本連載では、業界の第一線で活躍する著名エンジニアたちが、それぞれの視点で選んだ書籍について語ります。ただのレビューに留まらず、エンジニアリングの深層に迫る洞察や、実際の現場で役立つ知見をシェア!初心者からベテランまで、新たな発見や学びが得られる、エンジニア必読の「読書感想文」です。
Metaの精鋭エンジニアたちが「設計の最適解」を導くために頼る一冊。世界規模の開発を支えるシステム設計のバイブル
著名エンジニアが、独自の視点で「おすすめ書籍」を紹介する本連載。
今回の語り手は、コンピュータサイエンス学習プラットフォーム「Recursion」の共同創業者であり、Metaでのソフトウェアエンジニア経験を持つJeffry Alvaradoさんだ。
Jeffryさんが「学生時代に出会ったものの、その真の価値を理解したのはMetaで世界規模のインフラに携わってからだった」と振り返る一冊がある。現代の分散システム設計における決定版とも言える名著『データ指向アプリケーションデザイン』(オライリー・ジャパン)だ。
スケーラビリティや信頼性、一貫性といった、データ集約型アプリケーションが直面する複雑な課題をどう乗り越えるべきか。
Jeffryさんが実務を通じて得た「トレードオフの本質」と、本書を「二度読むべき理由」について語ってもらった。
発売日:2019年07月18日
著者:Martin Kleppmann 監訳:斉藤 太郎 訳:玉川 竜司
出版社:オライリー・ジャパン
ISBN:978-4-87311-870-3
原書:Designing Data-Intensive Applications
書籍概要:現代の分散システム設計においてデータの扱いは重要な課題です。システムはスケーラビリティ、一貫性、信頼性、効率性、メンテナンス性を維持する必要があり、そのためにリレーショナルデータベース、NoSQLデータストア、ストリーム、バッチプロセッサ、メッセージブローカーなどのツールが数多く存在します。 本書は、データを処理し、保存するさまざまなテクノロジーの特性を詳述することで、ツールの長所と短所を理解し、システムの課題と使用するアプリケーションに適した選択肢の発見を助けます。
本書を読んだ背景
私が初めてこの本を手に取ったのは大学生の頃です。アプリケーションをスケールさせる際の、データの仕組みを学ぶためでした。ここで言うスケールは、1000人規模のデータ保存・処理要件から、1000万人規模へと拡大するようなケースを指します。
当時の私は、システム設計面接(*)の練習をする際の参考資料として使う程度で、それほど深く読み込んではいませんでした。
本書は面接対策として非情に優れた一冊ですし、ビッグデータを扱う感覚を概念的に掴むのには良い本です。
一方で、バックエンドのデータアーキテクチャに関する実務経験が乏しいジュニアエンジニアにとっては、本書で語られている重要な知恵の多くは、少し難解に感じられるかもしれません。実際に、当時の私もそうでした。

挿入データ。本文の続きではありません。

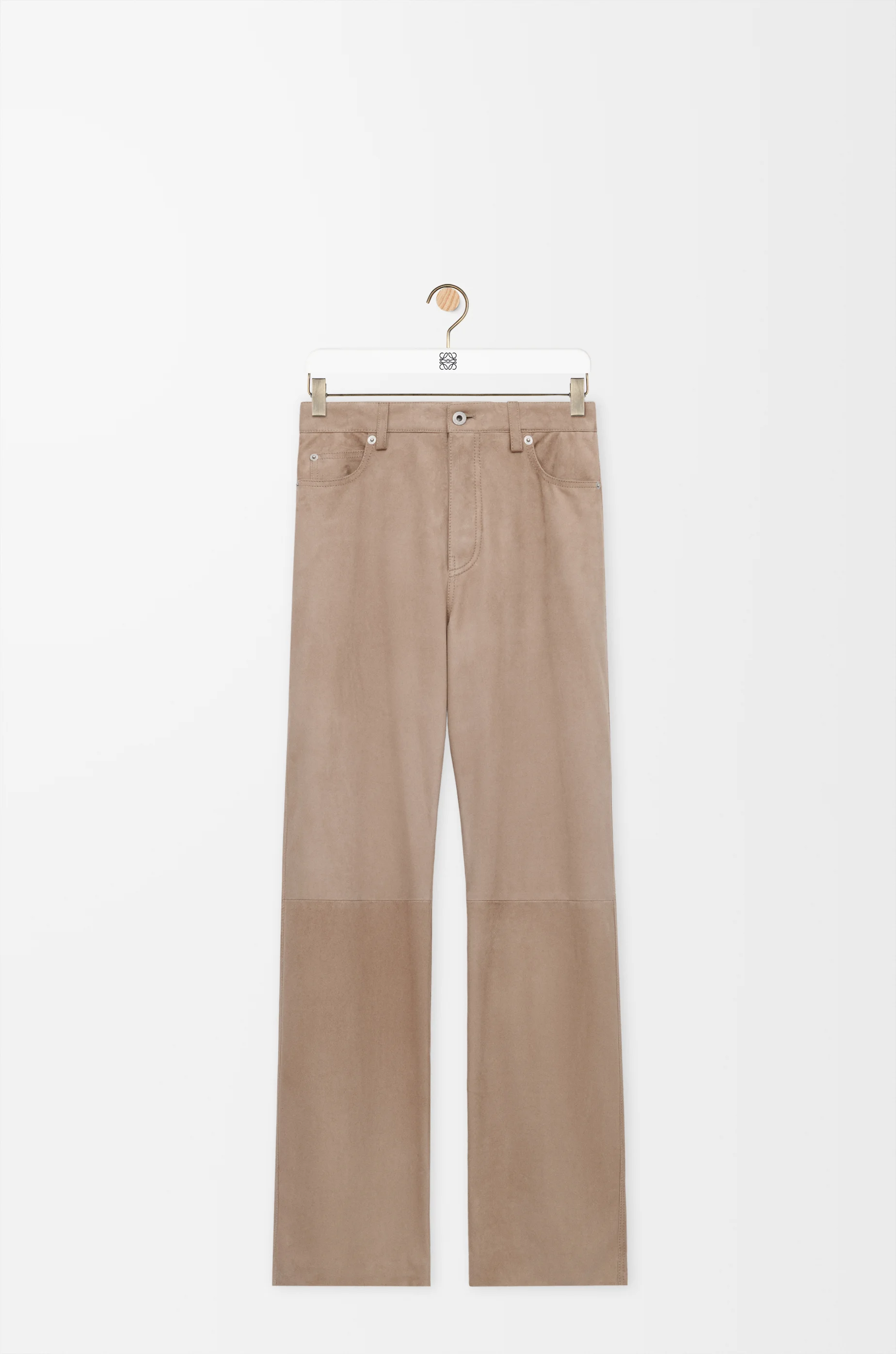 Trousers in lightweight suede goatskin. - Regular fit, regular length - Mid waist, straight leg - Five pocket style - Concealed button fly - Back cinch - LOEWE embossed leather patch placed at the back Colour: Dark Beige Main material: Suede Weight: 0.55 kg Made in: Spain Materials & care Main Material: 100% goat skin

この本が私のバイブルとなったのは、Metaのような大規模な企業で働き始めてからのことです。
世界規模のインフラ環境に身を置く中で、異なるデータアーキテクチャを採用した際に必ず生じる「ペインポイント(苦労する点)」や、その選択肢におけるメリット・デメリットの議論が、現実の課題として腹落ちしました。
デメリットを制御しつつ、大量のデータを処理するためにシステムをどうバランスさせるか。あるケースではそのデメリットは完全に許容可能ですが、別のケースではバックアッププランが必要です。
自社のシステムが直面している課題と、これまで適用されてきた解決策。そのつながりが明確に見えるようになったのです。その時、この本に書かれている「知恵」の意味がようやく理解できました。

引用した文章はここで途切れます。